You give the ffi a pointer to call, and the type to use it to call it, and it'll go and do it,
and it'll do it once. Because you're doing it once, you can look at the thing that you're trying to
call it like so. Is this ARM code or is it Intel code, and just do the right thing for whatever
it is that you're trying to call? Which gives you this nice, simple diagram. There is a slight
problem with this diagram, though. So this is what we're meant to do. This is our slide from
previously, and this is what we're actually doing. The right-hand side is just like we've
inlined the exit tank, it's all fine. The left-hand side has a slight problem. I skipped over this
box a while ago, and it's like we'll just forget about that box. And you'll notice that it's missing
on this side, which will mean that certain things don't work. And the question is what doesn't work?
So this is why I have to now tell you why this weird box is there on the left about putting a
thing in X10 when there's no obvious reason why you need to do it. So let's answer that question,
which is if we are making a function call and we are ARM code, and we might call Intel code,
then we will need an exit tank. Hopefully we've now covered what those do and why you need them,
and things of that mind, etc. If you want to do a function call, you need an exit tank,
and to know which one to use, you have to know the type of the function that you want to call.
Now, there's a particular subset of functions that don't know the type of the thing that they
want to call. You might say that that's kind of weird, but let's just run with it for a while.

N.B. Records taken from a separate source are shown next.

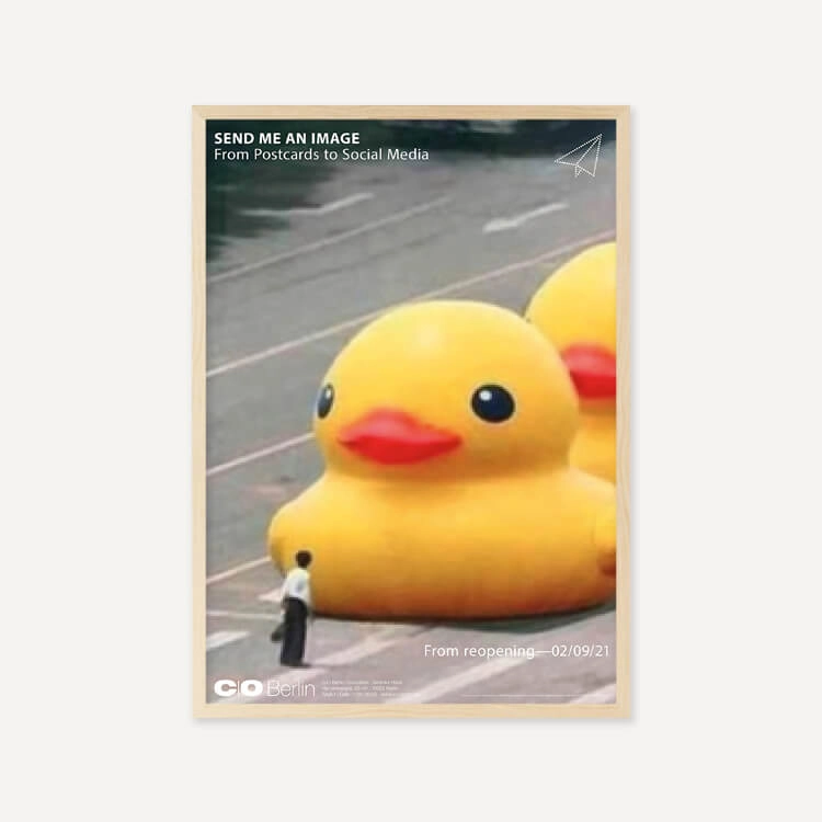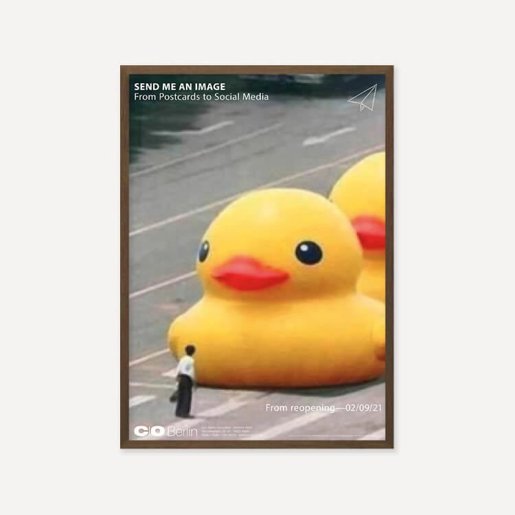 2021년 베를린 사진 미술관 C/O Berlin에서 열린 〈Send me an Image〉 전시회 포스터입니다. 이 전시회는 사진이 삽화 매체에서 오늘날 사회의 가장 중요한 의사 소통 수단 중 하나로 변모하는 것에 대해 다루었습니다. 포스터 속 이미지는 1989년 천안문 사태를 상징하는 정부 탱크에 맞서는 중국 시위자 사진을 패러디한 작품입니다.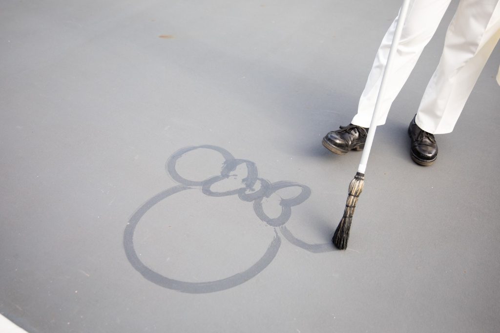 さて、トータリー・ミニーマウスのパレードまであと15分になりました。パレードルートで待機していると、何やら人だかりが。どうやら、カストーディアルキャストが地面に絵を描いているみたいです。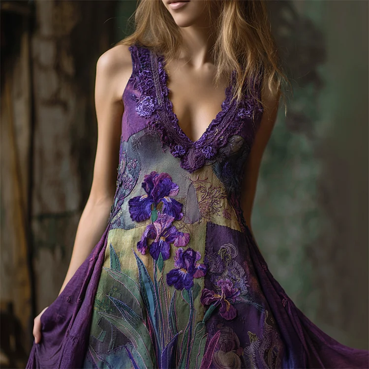 Purple Irises Fiber Art Embroidered Lace Patchwork Linen Dress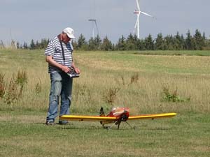 Wir führen bei uns einen Meisterschaftslauf in der Klasse F2B - Fessel - Kunstflug durch. Wir erwarten hier die besten Piloten aus Deutschland, keine Angst, ich rede von vielleicht 10 Teilnehmern. Kunstflugmodelle sind heute i.d.R. mit Elektromotoren ausgerüstet (ansonsten 10ccm Methanoler), haben eine Spannweite von ca. 1600mm und fliegen 16 Figuren in einer vorgegebenen Reihenfolge an einer ca. 20m langen Leine. Noch Fragen? Dann merkt Euch den 19. und 20.August 2023 vor.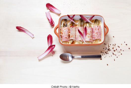 Pour retrouver un côté croquant, faites des plumes d’endives rouges crues et disposez-les sur le gratin.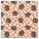 This vintage-inspired pattern features charming black cat faces with large, wide eyes and open mouths, giving them an expression of surprise or excitement. The cats are set against a vibrant, retro orange and cream chequered background with a wavy, distorted effect, evoking a sense of playful movement. Small black stars are scattered throughout the design, adding an extra element of whimsy and nostalgia. The combination of the classic Halloween colours and the bold, stylised cat faces creates a fun, slightly spooky aesthetic that harkens back to mid-century vintage design.
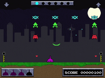INVASION VERSUS also features a single-player arcade mode in which the player assumes the role of the Earth team and faces off against wave after wave of aliens, aiming for a high score.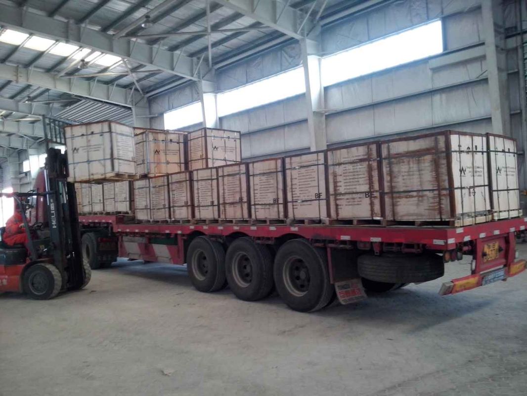 The bricks are packed on wooden pallet with papers in each layer and PP film wrapped outside of the whole pallet.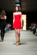 Идея коллекции проявляется и в оттенках тканей — дизайнер использовал цвета формы студентов и выпускников университетов: бежевый, черный, фиолетовый. Целеустремленность, юность и смелость героини Чапурина подчеркивают алые элементы одежды, а также яркий макияж, за который отвечали визажисты Clarins.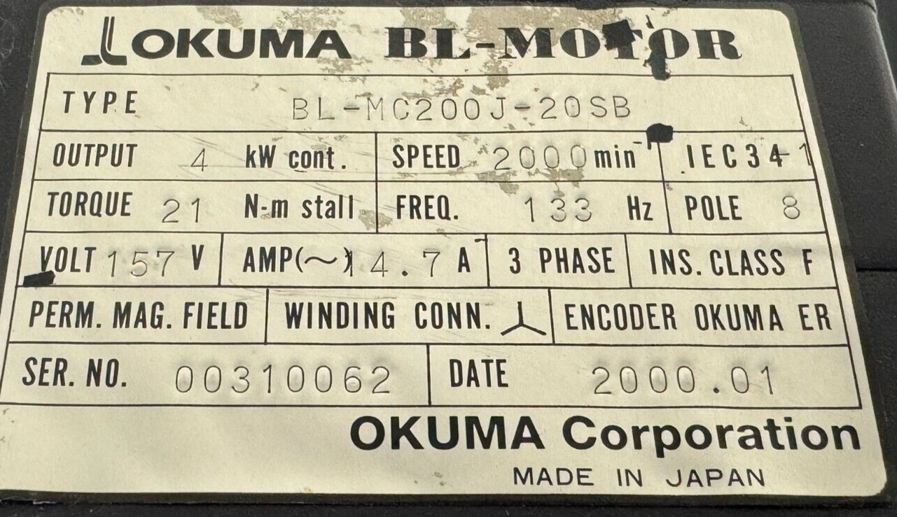 NEW OKUMA BL-MC200J-20SB SERVO MOTOR 2000RPM 133HZ 8P 157V 14.7A BLMC200J20SB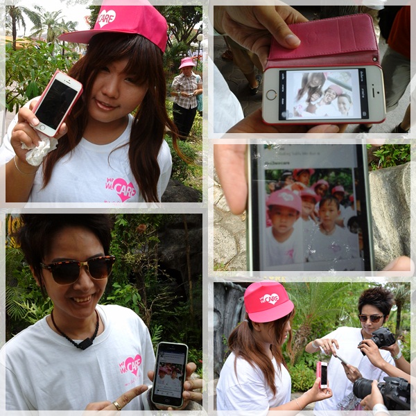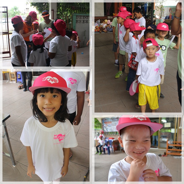 พี่สาว We Care แจกเสื้อให้น้องๆ ก่อนเดินไปทางสวนสยาม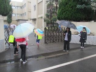 10月22日(水)登校時間は雨でした。6年生があいさつ運動に取り組んでいました。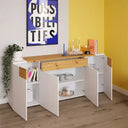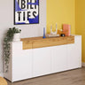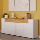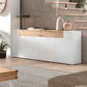 El aparador MILAN de 200 cm, con cuatro puertas y un cajón, destaca por su diseño equilibrado y su gran capacidad de almacenaje.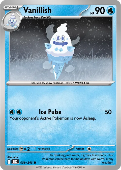 By drinking pure water, it grows its icy body. This Pokémon can be hard to find on days with warm, sunny weather.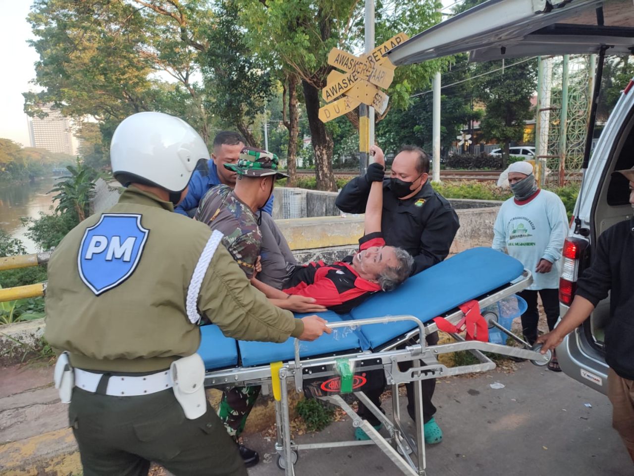 Korban tidak sadarkan diri dan dibawa ke Puskesmas Halimun Setiabudi, menggunakan ambulance Pomdam Jaya dibantu Babinkantibnas dan warga. (M.NUR)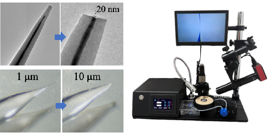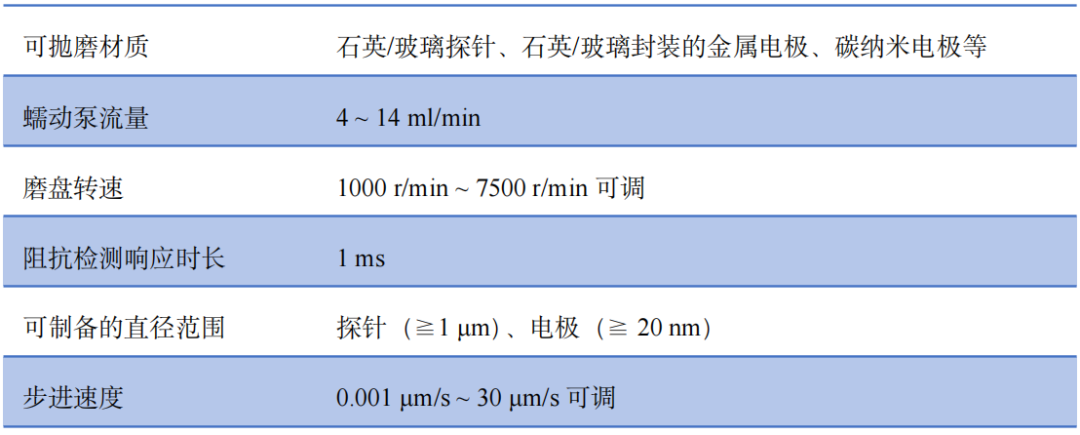 用于对拉制后的玻璃探针以及金属微电极进行进一步加工,如锻针、抛光、弯曲、拉尖、缩小金属微电极的RG比等。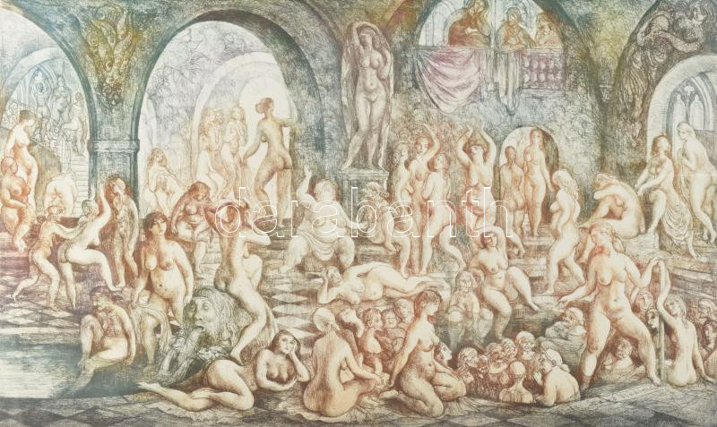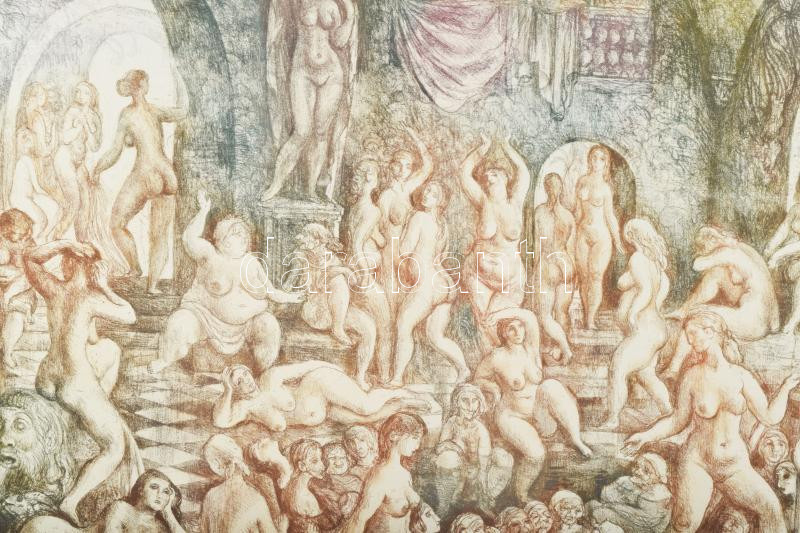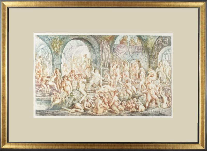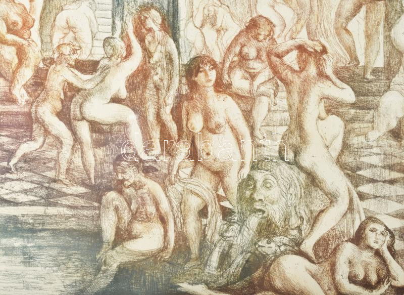 Szabó Vladimir (1905-1991): Fürdőző aktok. Színezett rézkarc, papír, utólagos (?) jelzéssel, üvegezett fakeretben. Hátoldalán Galéria Tabán címkéjén feliratozott. 28x49 cm

And furthermore, these functions don't know their own type, also weird, but what they do know is
that their own type matches the type of the thing that they want to call. Now this may sound like
a somewhat contrived set of properties, but it does actually crop up enough in practice that
it's worth caring about. So to let these weird typeless functions that don't know their own type
and don't know what they're calling, to make them work, we give them an exit tank in X10. So
if they are ARM code, they can just like, you know, run and say, well, whoever calls us put the
appropriate thing in X10, and that will let us do the call that we want to do. So that means that
if we end up calling one of those functions, and it then wants to call an Intel function, then this
isn't actually going to work, but in practice it's actually fine. It's not yet been a problem. It
could be fixed, but it's going to be like a pain to fix. You might ask, why is it going to be a
pain to fix? That's because the FRI can call any type of function. So we can't just like
preprepare an appropriate function for every single type of function. That's going to be way
too many functions. So we have to jit compile the function that we want to use. And I mean,
like really, like, can we just like not do that? Yeah, I just rather not do that yet. So I've skipped
it. But it works. So, you know, great. That was interpreted, FRI calls. Then we've got jit
compiled FRI calls. They're different because you will jit compile your call once, but then run it
multiple times. So if we are jit compiling a call through a function pointer, we don't know
whether that function pointer will be Intel or will be ARM. So we have to kind of do what we're
meant to do more closely or almost do what we're meant to do. So, you know, we prepare the
arguments as if it were a ARM call. If it ends up going to Intel, then we'll use an exit function
to fix it up. We do the prep work that we went to do for the magical mystery function. All
but again, I didn't want to jit compile an exit function for every possible type of thing that
we might call. Because like, we're already jit compiling a function. We don't want to jit compile
a function in addition to that at the same time. It just gets kind of hairy. So again, I cheated a
bit and said, well, let's just write one function. They can handle like every case that can get jit
compiled and just pass it the signature that it has to kind of pretend to be and just put that in
some other register. And again, this will work fine in practice unless we hit the case of calling
one of these typos functions that doesn't know their own type and it wants to call Intel and it
happens to trash X15 that I've used to like, stash this X foot piece of state in. So again, not
quite following the rules, but again, it works fine in practice. And then the slide that you've
possibly all been waiting for, like, does this whole thing work? So you'll recall the first two
lines from previous day. We said like, native ARM code ran in 37 seconds. The Intel code running
under relation to 106, whereas the R54 you see code takes 38, which is pretty good, right? So we're
kind of saying here, this is, it's native ARM code, so it should be close to 37 seconds, but it's
making a combination such that it could call Intel code as and when it needs to. And making those
combinations will slow you down by a few percentage points. But you know, you're in a much
better place than you would otherwise be. And yeah, this crazy idea of Microsoft actually works.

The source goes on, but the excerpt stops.